Wrap model with extra hidden layer

I have a pre trained transformer model that gets called like so

outputs = model(input_ids, attention_mask=mask, token_type_ids=tokens)

I then take the outputs of that model

last_hidden_state = outputs.last_hidden_state

and perform some mathematical manipulations, such as the ones below

last_hidden_state_zero_layer = torch.mul(last_hidden_state, some_parameter)
logits = logit_layer(last_hidden_state_zero_layer)

My question is, is there a way I can take the model and wrap the model plus the extra functions to simply create one PyTorch model? pseudocode below

`model = pytorch_wrapper_to_create_one_model = (

outputs = model(input_ids, attention_mask=mask, token_type_ids=tokens),

last_hidden_state_zero_layer = torch.mul(outputs.last_hidden_state, some_parameter),

logits = logit_layer(last_hidden_state_zero_layer)

Here’s a code snippet,

class yourModel(nn.Module):
    def __init__(self, ...):
        self.backbone = previous_model(...)
        self.last_hidden_state_zero_layer = nn.Linear(...)
        self.logit_layer = nn.Linear(...)

    def forward(self, input):
        outputs = self.backbone(input, ...)
        last_hidden = self.last_hidden_state_zero_layer(outputs.last_hidden_state, some_parameter)
        logit = self.logit_layer(last_hidden)
        return logit

Define a class with components is a possible approach

Thanks, works like a charm.

So this did work, but now when I try and deploy this on sagemaker, it is unable to load the model. When I look at the type of the above model, it reads
type(yourModel) = __main__.Model
so I’m assuming this is because sagemaker doesn’t recognize this as a torch object. Do you know of a way to fix this?

Could you share the code? Sagemaker is not a special something but just a instance (computer)

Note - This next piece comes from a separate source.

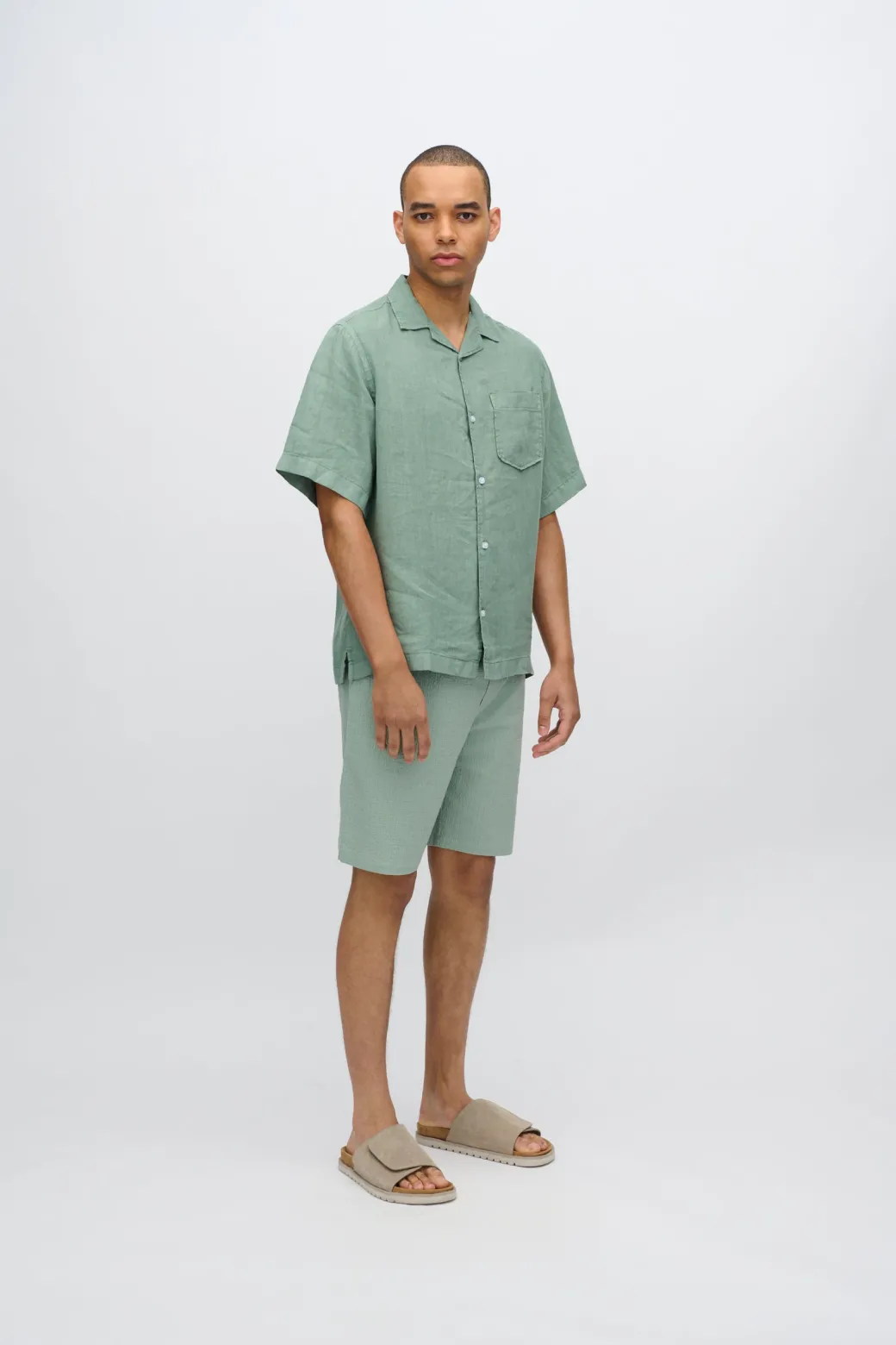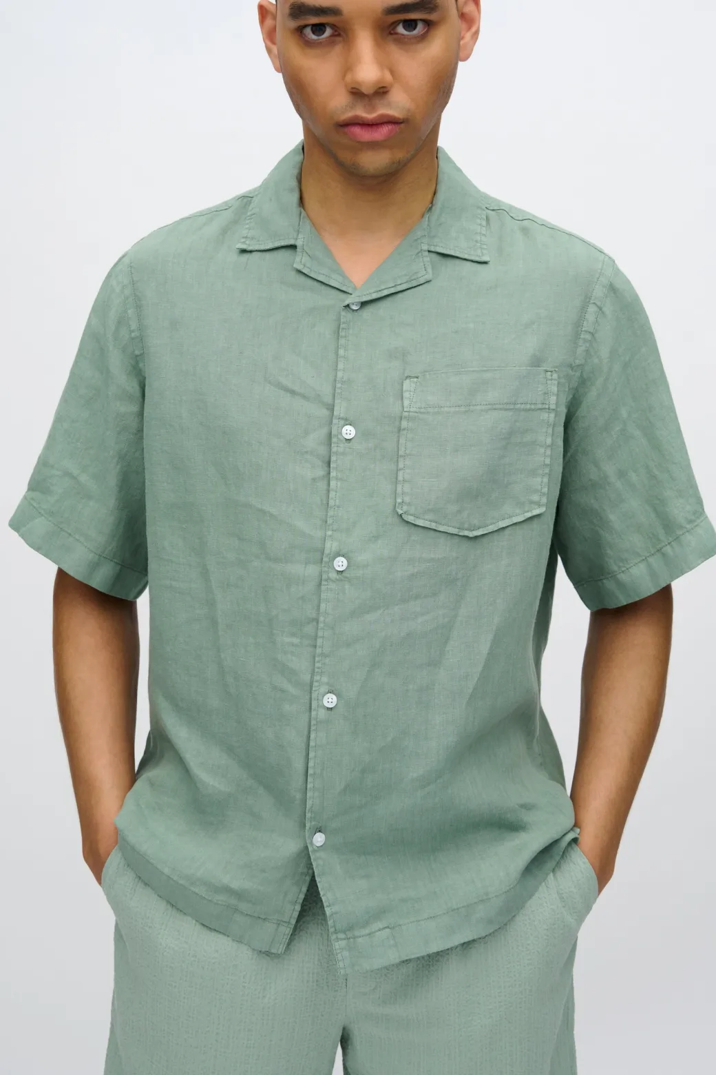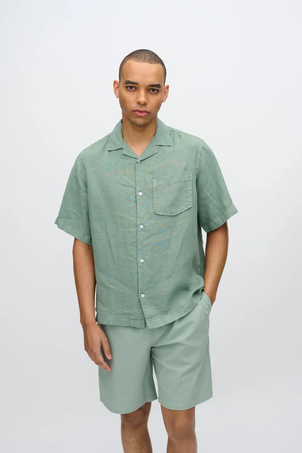 This short-sleeved linen shirt is made from 100% linen, making it both lightweight and breathable – perfect for warmer days. The shirt has a relaxed fit, which provides good freedom of movement and comfort all day long. The classic collar and the continuous button closure give the shirt a stylish and timeless expression, while a single chest pocket adds both functionality and a discreet design element.The linen shirt is a versatile choice that can be styled for both relaxed and more semi-formal occasions. It is ideal for a day at the beach, as a light shirt over a t-shirt or as part of a casual outfit for both weekdays and weekends.

This is how I instantiate the model

val_to_col_elec_model = PyTorchModel(#model_data='s3://sagemaker-nl-filter-suggest-two/fields/pytorchmodel.tar.gz',

and this is how I deploy

nl_detector = val_to_col_elec_model.deploy(
                     initial_instance_count = 1,
                     instance_type = 'ml.t2.medium', endpoint_name = endpoint_name)

When I upload the model created with this code

class Model(torch.nn.Module):
    def __init__(self, model, logit_layer):
        super(Model, self).__init__()
        self.model = model
        #self.last_hidden_state_zero_layer = nn.Linear(...)
        self.logit_layer = logit_layer

    def forward(self, input_ids, mask, tokens):
        pre_logits_mask = torch.reshape(mask, (mask.shape[0], mask.shape[1], 1) )
        outputs = self.model(input_ids, attention_mask=mask, token_type_ids=tokens)
        last_hidden_state = outputs.last_hidden_state
        last_hidden_state_zero_layer = torch.mul(last_hidden_state, pre_logits_mask)
        summed_final_hidden_state = torch.sum(last_hidden_state_zero_layer, 1)
        logits = self.logit_layer(summed_final_hidden_state)
        probs = torch.sigmoid(logits)
        return probs
entire_model = Model(model, logit_layer)

It runs into a model not loading error. again I believe this is because it is of type main.Model, because the sagemaker container is expecting a torch object.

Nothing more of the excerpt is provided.